Stimson played 11 games for Canterbury in the 2021 NRL season which saw the club finish last and claim the Wooden Spoon.

=== 2022 ===
Stimson made a total of 21 appearances for Canterbury throughout the 2022 season. The club would finish 12th on the table and miss the finals.

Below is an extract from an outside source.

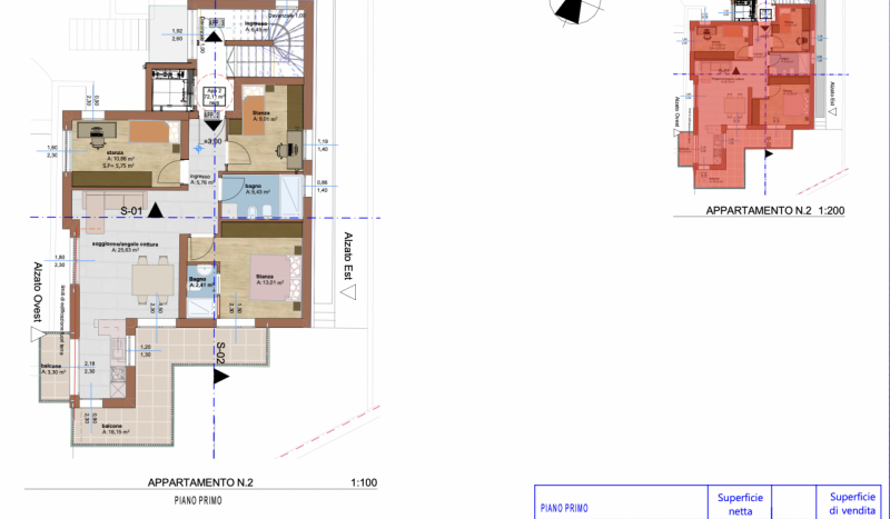 L’appartamento n. 2 qui proposto si trova al primo piano ed è composto da: ingresso, soggiorno/cucina con uscita sulla terrazza, una camera matrimoniale, due camere singole e un bagno finestrato.

On 30 September, Stimson signed a two-year deal to join the Gold Coast starting in 2023.

=== 2023 ===
Stimson played a total of 23 matches for the Gold Coast in the 2023 NRL season as the club finished 14th on the table.

=== 2024 ===
Stimson was limited to only six matches for the Gold Coast in the 2024 NRL season as the club finished 14th on the table.

=== 2025 ===
Following his departure from the Gold Coast Titans, Stimson joined Brisbane Tigers in the Queensland Cup, while worked in landscaping and maintenance.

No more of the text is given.